Bipolar disorder debilitates about 1% of the population. It typically causes extreme mood swings between high (manic) and low (depressed) phases.
Jakub Tomasik, Assistant Research Professor at the University of Cambridge, introduced his latest work, which demonstrates how combining metabolomic biomarkers from dried blood spots and digital questionnaire data can significantly improve the diagnosis of bipolar disorder compared to major depression. Currently, around 40% of bipolar cases are misdiagnosed as major depression due to some shared symptoms. Therefore, Tomasik’s work is crucial to addressing this significant issue and is particularly valuable in cases where symptoms alone are ambiguous.
The study used metabolomic and digital questionnaire data to create a robust signature of bipolar disorder. It identified a panel of 17 metabolomic biomarkers. Ceramide was the most significant in distinguishing bipolar disorder from major depression.
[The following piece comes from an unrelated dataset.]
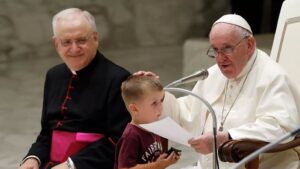 «Он храбрый, да? И остается спокойным» — сказал Папа Римский о мальчике, который получил от Франциска небольшую черную книжицу.

The model achieved an AUROC of 0.71, which increased to 0.96 when combined with digital data. Tomasik explained that biomarker levels correlated most strongly with manic or hypomanic symptoms and psychiatric history.
Although the protein-based biomarkers did not provide useful diagnostic information, the metabolomic data showed strong and reproducible results, validated in a prospective cohort. The biomarker panel was particularly effective in identifying up to 30% more misdiagnosed bipolar patients, especially when symptom information was limited or uncertain.
Tomasik explained that plans are underway for a large-scale international clinical validation study with Psyomics and Biocrates to further test the combined biomarker and digital questionnaire approach. Another key advantage of this study was that it is minimally invasive and suitable for remote application, making it more user-friendly.